On Sun, Oct 12, 2008 at 07:57:46PM -0400, Canute Bigler wrote:
> I had not thought of setting the metatable __index to a C function that 
> would then lookup the id.  That would probably be the fastest as far as 
> script execution time would be concerned.  Any good ideas how I could 
> handle nested tables which are not known at run time?  I guess I could 
> receive the field name as a period delimited string ala 
> "record.subrecord1.subrecord2.field" and pay the cost to parse and 
> lookup the field at runtime.  I don't know if that would be optimal though.
> My largest concern across the board is that of speed and not size.  For 
> the application for which this would be a part of, the start up time has 
> been a major focus.
the obvious way to improve start-up speed is to do almost nothing
on startup, so you clearly don't want to load the full hash.
A simple alternative to the structures suggested by Norman is a cdb.
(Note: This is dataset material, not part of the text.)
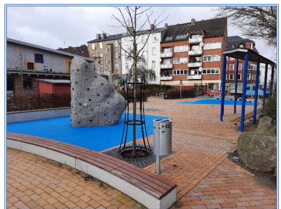
Neu gestaltete Fläche in der Georg-Pfingsten-Straße

Die seit Herbst 2020 andauernden Umgestaltungsarbeiten im Bereich Georg-Pfingsten-Straße / Kaiserstraße wurden im Jahr 2021 abgeschlossen. Mit Mitteln aus dem Städtebauförderungsprogramm „Sozialer Zusammenhalt“ ist als Herzstück ein verkehrsberuhigter Quartiersplatz entstanden. Er verbindet die beiden gegenüberliegenden Kindertagesstätten des Familienzentrums Gaarden, die von über 300 Kindern besucht werden. Es entstand eine neue Begegnungs- und Aufenthaltsfläche mit Spielelementen auch für die Bewohnenden, die die Attraktivität des Quartiers erhöht. Zudem wurde im Zuge der Umgestaltung der obere Abschnitt der Kaiserstraße aufgewertet, der Parkraum neu sortiert und ein Wendehammer am Endstück der Kaiserstraße errichtet. Die Georg-Pfingsten-Straße ist nun für den Autoverkehr gesperrt.

For a starter try the plain
Startup cost is nothing more than opening the file.

> I would gladly trade size for start-up speed in 
> just about any way, shape, or form.  Run-time speed is less of an issue.
It happily deals with pretty large DBs and long keys,
so you may just want to spend a couple MB to replicate the full path
"record.subrecord1.subrecord2.field" a 100 thousand times.
It is going to take quite a number of lookups before the
penalty for increased memory usage kicks in.

For faster run-time access use a mmap-based implementation
(ask me for one or roll your own, the structure is dead simple, which should almost be on par
with other internal structures and the Lua hash.
Especially for a large DB with a small number of lookups it has the big
advantage of examining only a small number of memory/file locations.

Incorporating the full cdb directly into your code is also
straight forward, if you prefer a bigger executable over
an external file.